Two other BBC news programs, “BBC World News” and “Wake Up to Money,” interviewed Slear in mid-August about Standard Chartered’s subsequent $340 million settlement with New York State Department of Financial Services. On Aug. 15, “Wake Up to Money” hosts Andy Verity and Robert Miller discussed the settlement with Slear and quizzed him about the size of the settlement, the underlying “U-turn” transactions with Iran, and whether state and federal regulators will continue to target British banks.
Lawsky recently preempted federal regulators by threatening to revoke the license for the New York branch of UK-based Standard Chartered Bank. Lawsky alleged the bank was a “rogue institution” that conspired with the Government of Iran and other Iranian customers to process $250 billion in illegal transactions over the last decade, allegations the bank has rejected as inaccurate and incomplete. Lawsky’s unprecedented action has ruffled feathers both in Washington and London.
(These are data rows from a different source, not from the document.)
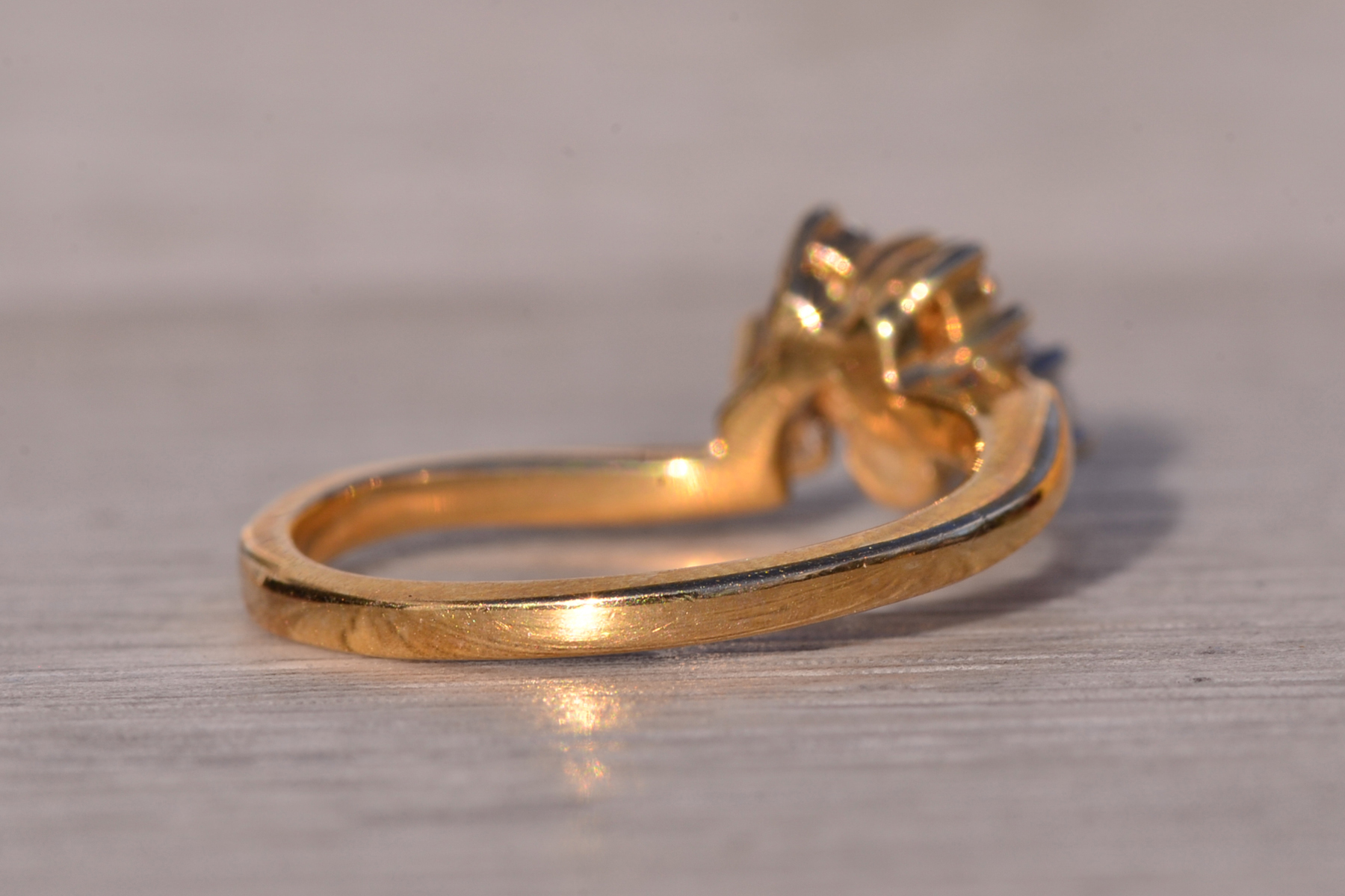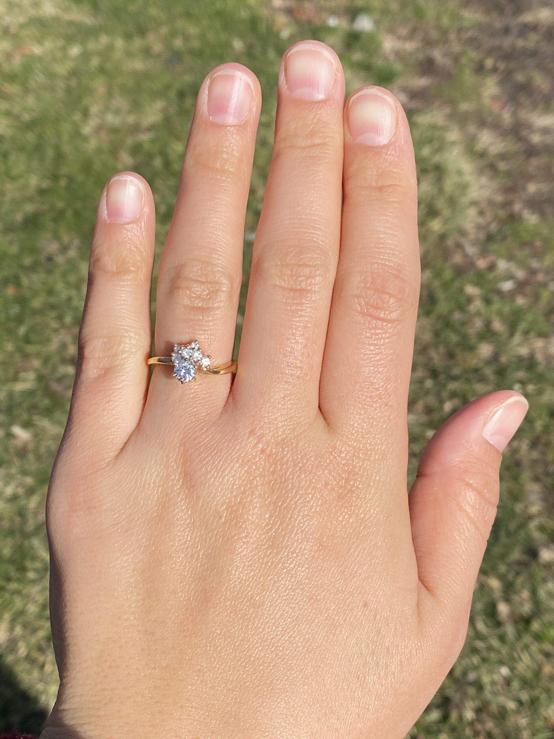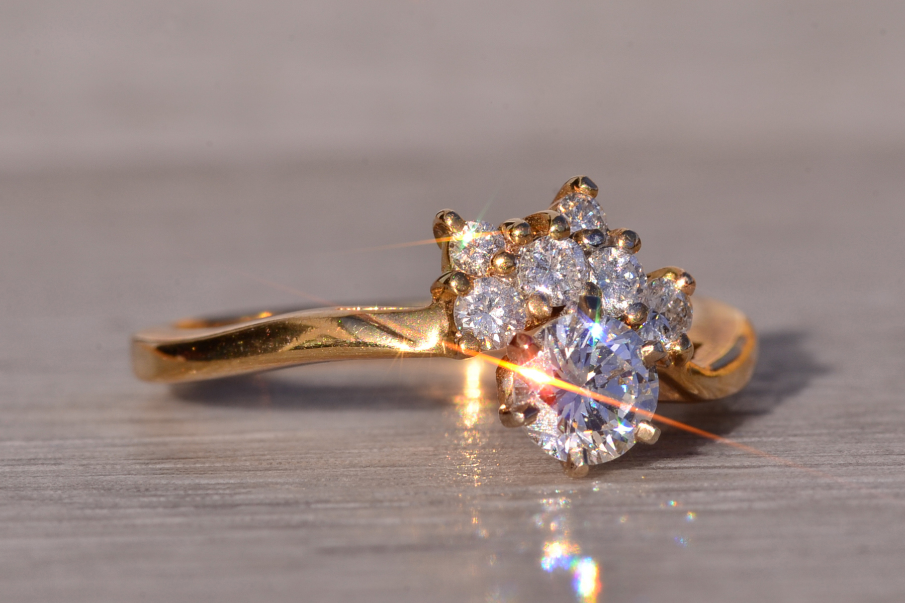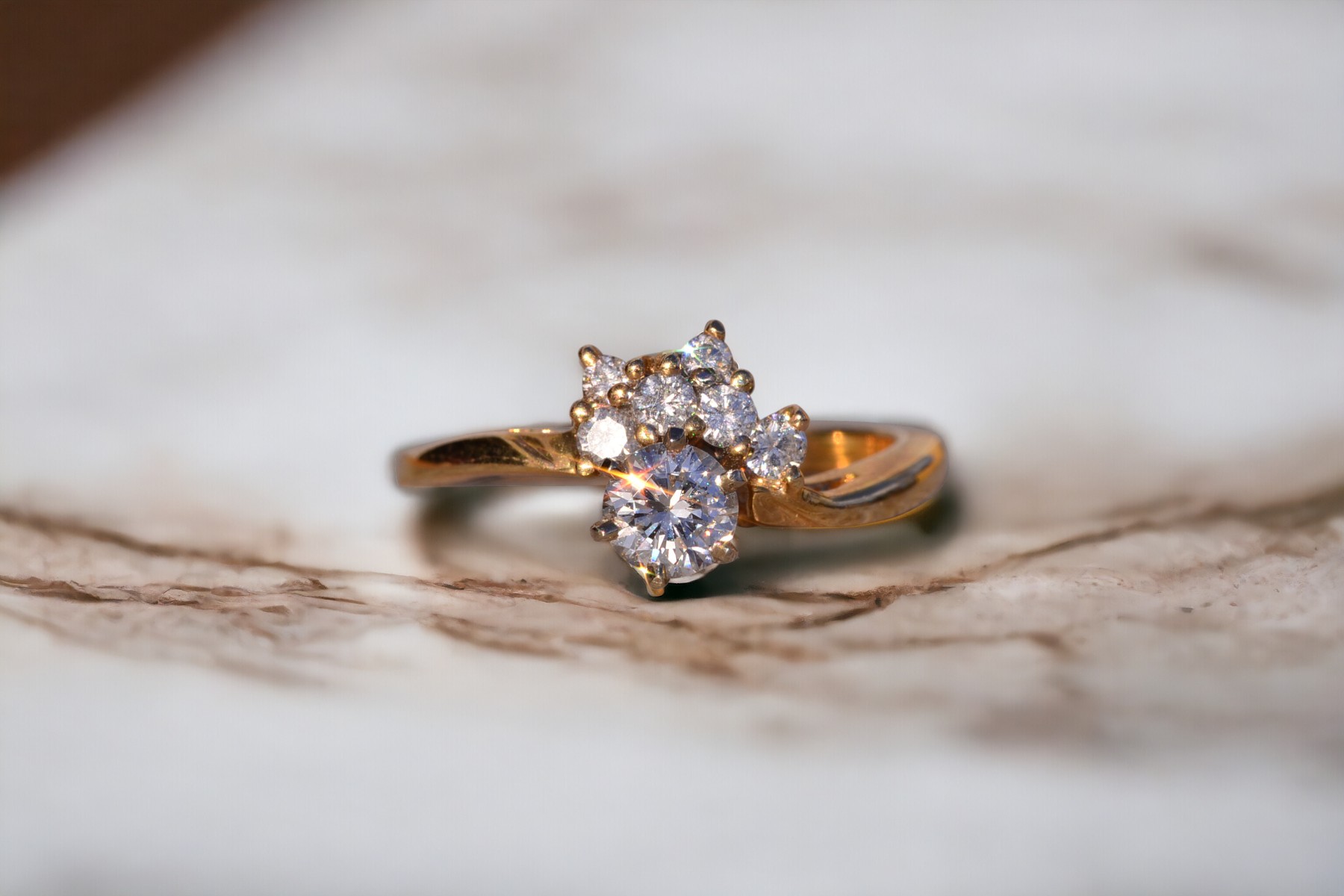 The Sunshine: Vintage Natural Diamond Engagement Ring in Yellow Gold. This exquisite ring showcases a captivating 0.40 carat round brilliant cut natural diamond, boasting an approximate Gemological Institute of America clarity grade of Si1 and a color grade of J. Adorning one side of the center are half-moon arrangements of round brilliant cut natural diamonds, radiating outward with a total approximate weight of 0.16 carats. The ring is elegantly finished with a waved shank, adding to its allure. Crafted in 14 karat yellow gold, this vintage-inspired engagement ring evokes the warmth of a golden sunset. Currently sized at 6.5, it can be adjusted to any finger size for an additional charge upon request.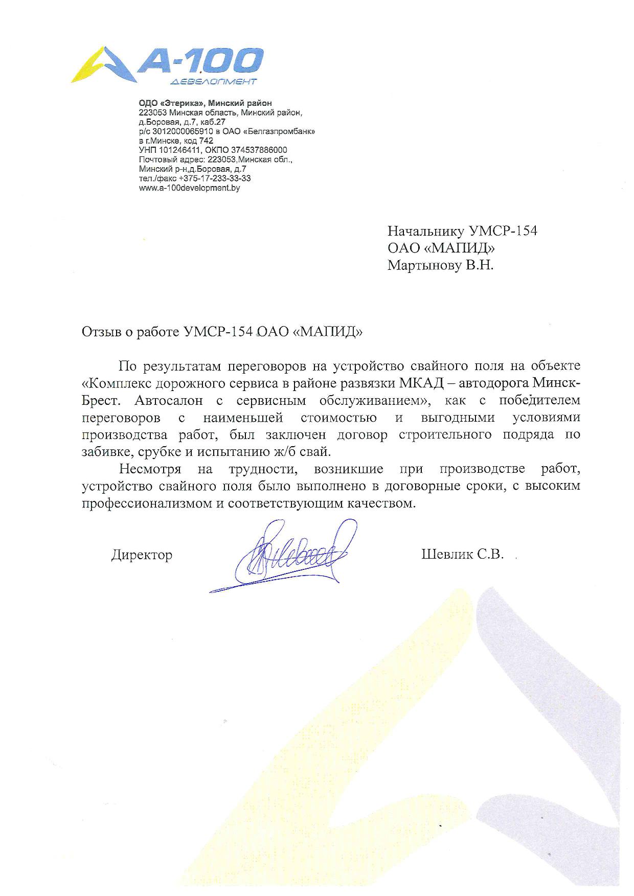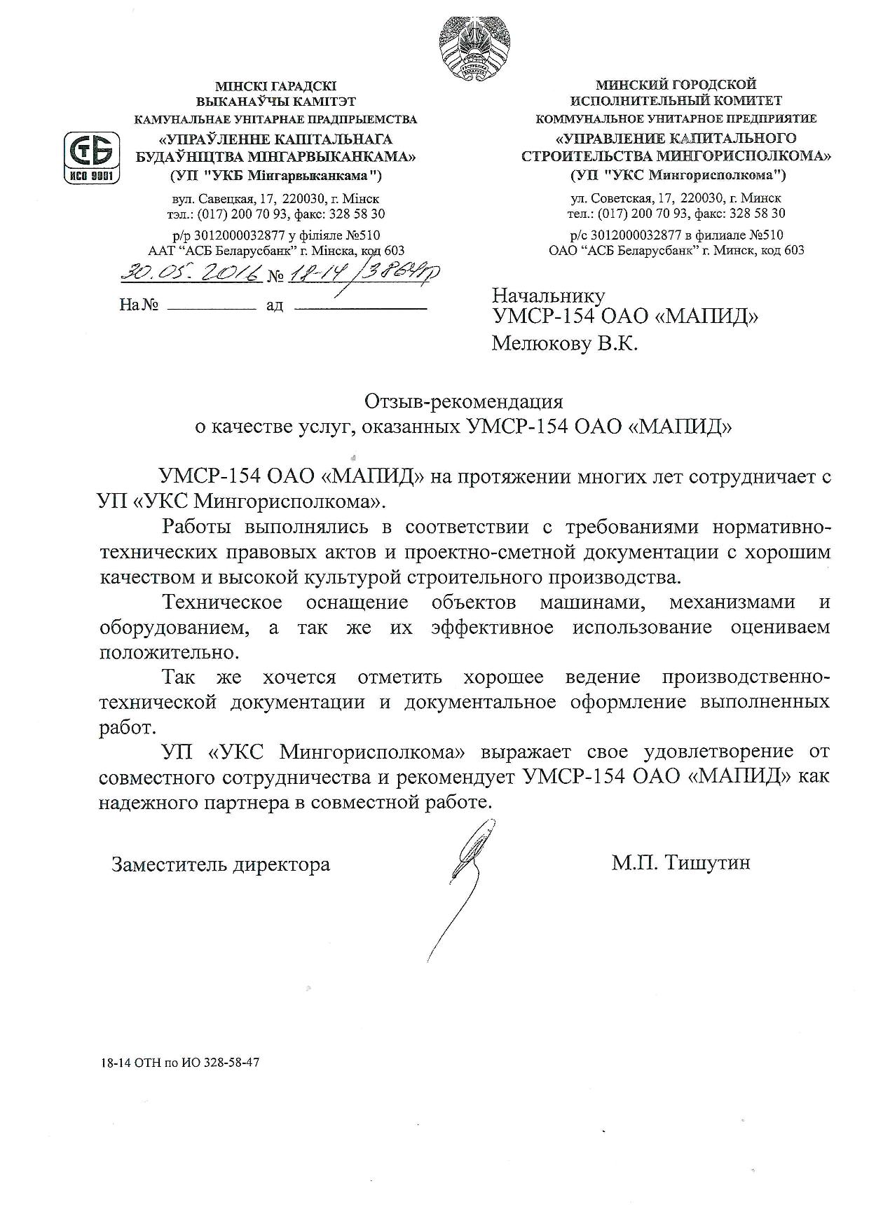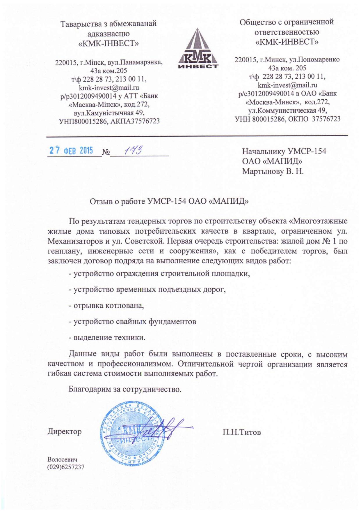 ОАО «МАПИД» Управление механизации и спецработ №154
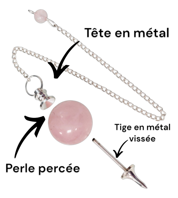 La perle et le pendule, tous deux taillés dans la même pierre naturelle, comportent un perçage central permettant d'insérer et de visser une tige en métal, garantissant ainsi solidité et durabilité.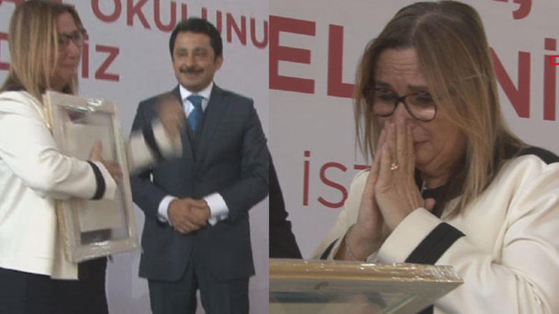 Okuduğu okulu ziyaret eden Bakan Pekcan, babasının mektubu okunmasıyla gözyaşlarına hakim olamadı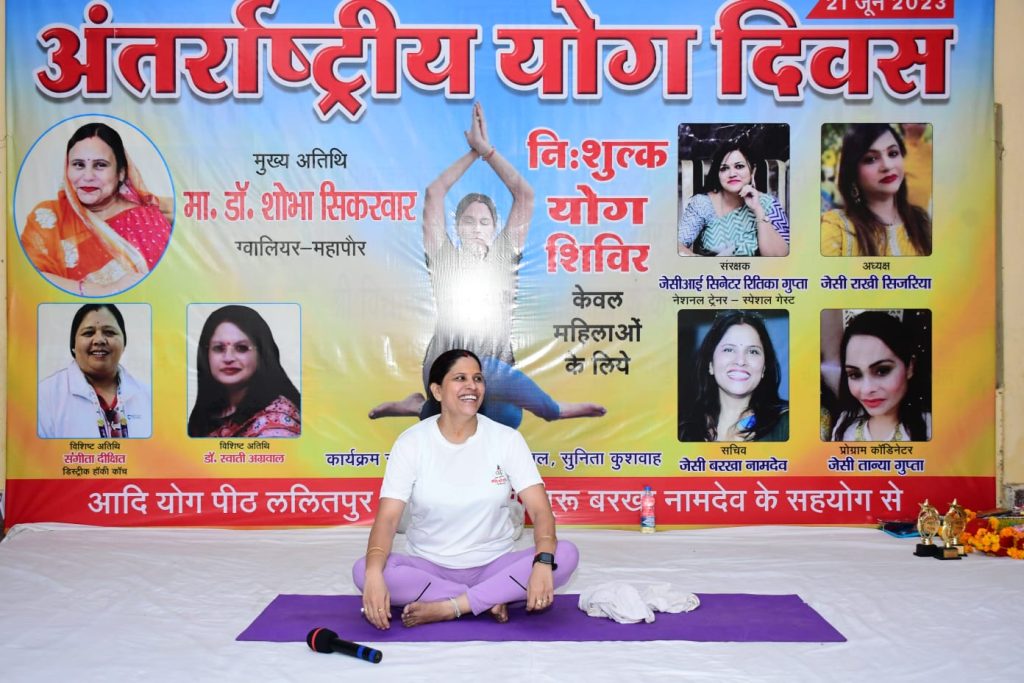 . ग्वालियर से अतुल मल्होत्रा की रिपोर्ट . आदि शक्ति योग पीठ द्वारा आज अंतर्राष्ट्रीय योग दिवस पर निशुल्क योग शिविर आयोजित हुआ .इस अवसर पर महापौर डॉ शोभा सिकरवार, योग गुरु बरखा नामदेव ,प्रोग्राम coodinater JC तान्या गुप्ता , विशिष्ट अतिथि थाना प्रभारी Inderganj दीप्ति तोमर, JCI सेनेटर रीतिका गुप्ता मौजूद रही . इस अवसर पर योग गुरु बरखा नामदेव ने कहा कि योग भारत की तरफ से मानवता ke लिए एक अनमोल सौगात है जो व्यक्तिगत कल्याण के साथ साथ मानवता ke बीच एकता का प्रतीक लाती हैं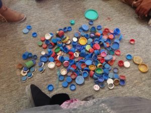 Aunque el espacio que veis tan sucio no es propiamente de nuestra biblioteca, no nos gusta verlo con tanta basura, así que, aprovechando que estamos trabajando el cuidado del Planeta, hemos pensado que empezar por nuestro entorno es el primer paso. Y nos hemos puesto manos a la obra animados y acompañados por nuestras bibliotecarias. No es una tarea fácil, porque al poco vuelve a aparecer basura, bien porque el viento la trae, bien porque alguien la tira. Pero no nos desanimamos. Intentamos que este espacio se transforme en un lugar seguro para jugar y que esté limpio, para que la biblioteca se vea bien bonita por dentro y por fuera. Además, separamos tapones, los limpiamos bien y los guardamos para hacer alguna obra de arte, como nos enseñó Mohamed Sulaiman.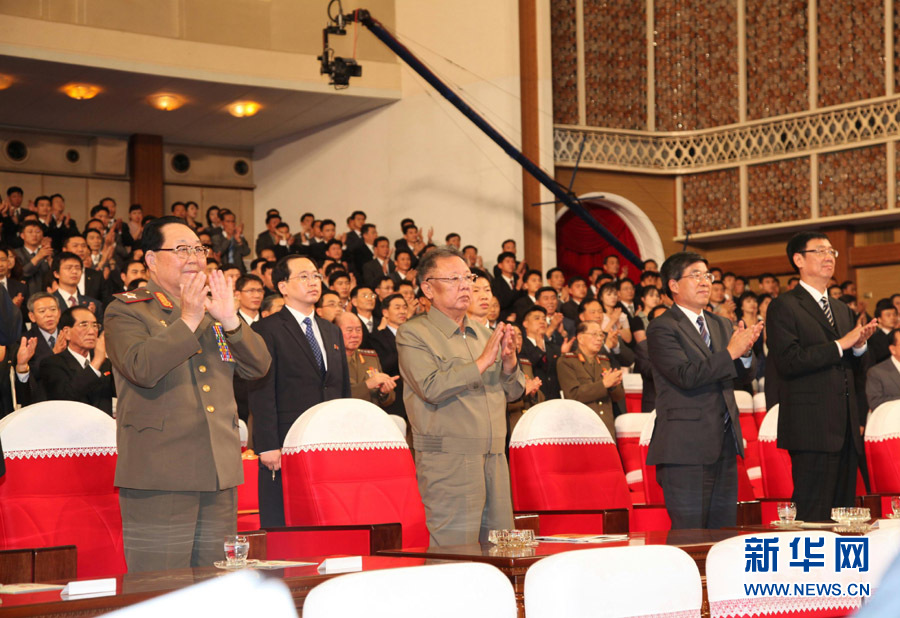 7月15日,在朝鲜平壤万寿台艺术剧院,朝鲜最高领导人金正日(左二)、中国驻朝鲜大使刘洪才(右二)等在中国舞剧《丝路花雨》演出结束时鼓掌。朝鲜最高领导人金正日当日在平壤万寿台艺术剧院观看了中国甘肃歌剧舞剧院的舞剧《丝路花雨》。为纪念《中朝友好合作互助条约》签订50周年,《丝路花雨》剧组于7月7日至16日到朝鲜访问演出。新华社记者张利摄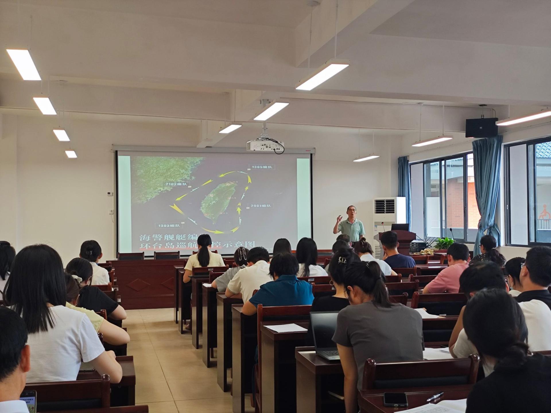 6月27日上午,马克思主义学院的“教授大讲堂”系列讲座在G610会议室顺利举办。本次讲座特邀学院的王贻正副教授担任主讲,他以“深度解读联合利剑军演聚焦对台策略新变化”为题,为全体教职工带来了一场深入剖析台海局势的专题讲座。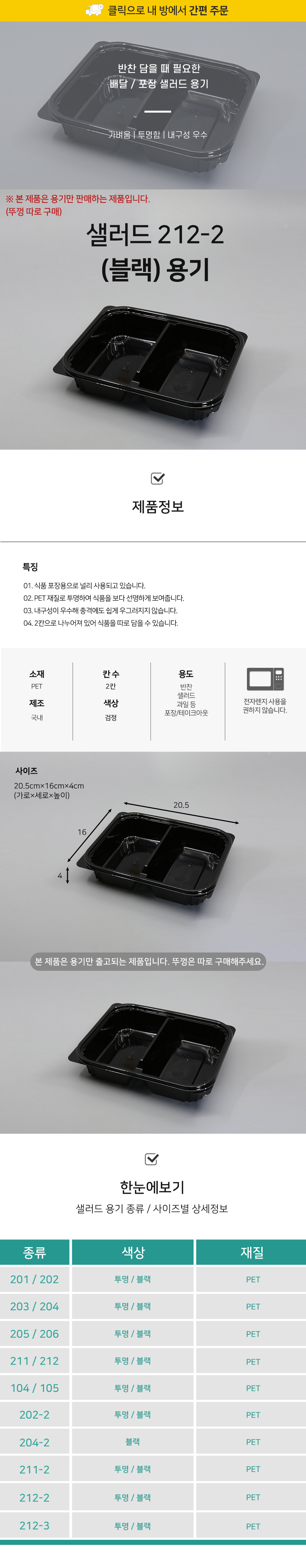 212-2 샐러드 2칸 용기 블랙 1박스(600개) 사각용기 배달용기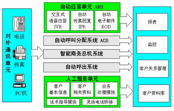 ACD(自動(dòng)呼叫分配)是呼叫中心有別于一般的熱線電話系統(tǒng)的重要部分,在一個(gè)呼叫中心中,ACD成批的處理來(lái)話呼叫,可根據(jù)用戶類別、客戶支持的忙閑統(tǒng)計(jì)、客戶支持的服務(wù)能力、不同時(shí)段、主叫用戶的號(hào)碼、該用戶曾聯(lián)絡(luò)過(guò)的客戶支持、客戶支持的專業(yè)技能等級(jí)等信息并將這些來(lái)話進(jìn)行分配給具有相關(guān)職責(zé)或技能的各個(gè)業(yè)務(wù)代理。ACD提高了系統(tǒng)的效率,減少了客戶服務(wù)中心系統(tǒng)的開(kāi)銷,并使公司能更好的利用客戶資源。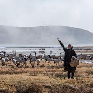 “九月九迎鹤来,三月三送鹤去”,清晨,伴随声声鹤唳,陈光会走上河堤,抛撒鹤粮,看着越来越多的黑颈鹤,虽寒风凛冽,却满心欢喜。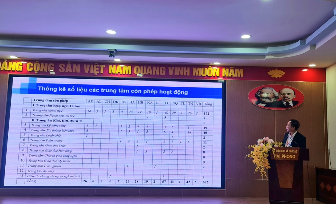 Đồng chí Nguyễn Anh Thuấn – trưởng phòng Giáo dục thường xuyên và đại học đã báo cáo tại Hội nghị về tình hình hoạt động của các doanh nghiệp hoạt động trong lĩnh vực GDĐT trên địa bàn toàn thành phố, đồng thời lưu ý về các văn bản của các cấp quản lý đối với các trung tâm tin học, ngoại ngữ, kĩ năng sống,… Theo đồng chí Đỗ Anh Thuấn, số lượng trung tâm ngày càng tăng, chất lượng hoạt động ngày càng được chú trọng, đáp ứng nhu cầu xã hội, thu hút lượng học viên đông. Công tác quản lý nhà nước của Sở GDĐT ngày càng bài bản, khoa học, chặt chẽ, đảm bảo tính pháp lý trong hoạt động của các trung tâm. Tuy nhiên, vẫn còn các tồn tại như hiện tượng các trung tâm chưa báo cáo kịp thời về các thay đổi nhân sự, địa điểm; cá biệt còn có trung tâm họa động không phép hoặc chưa đáp ứng quyền lợi của người học, giáo viên theo cam kết ban đầu,…

In a story by BBC business news reporter Michelle Fleury, Slear was asked if by taking this action Lawsky had thrust himself into the international spotlight. “There’s no doubt that he has, in a day, gone from relative obscurity to being highly well-known,” Slear said. “In the context of being a regulator and seeking political aspirations, that certainly would be a feather in his cap.”
Later in the four-minute radio story, Slear commented on the reaction of the international finance community to Lawsky’s accusations. The same community should possibly brace itself for similarly strident regulatory actions in the future, he said.
“What we’re seeing is a unique and different and maybe game-changing way that these will be dealt with,” Slear said. “There’s going to be a lot more out in the open, it appears, if Mr. Lawsky has his way.”
BBC Today is the most popular program on Radio 4 and reaches six million listeners each week.
Slear focuses his practice on international trade compliance and enforcement, including economic and trade sanctions, export regulations, and anticorruption laws. He advises domestic, foreign and multinational clients in a wide array of industries, including aerospace, biomedicine, defense, financial services, insurance, Internet services, manufacturing, semiconductor and telecommunications.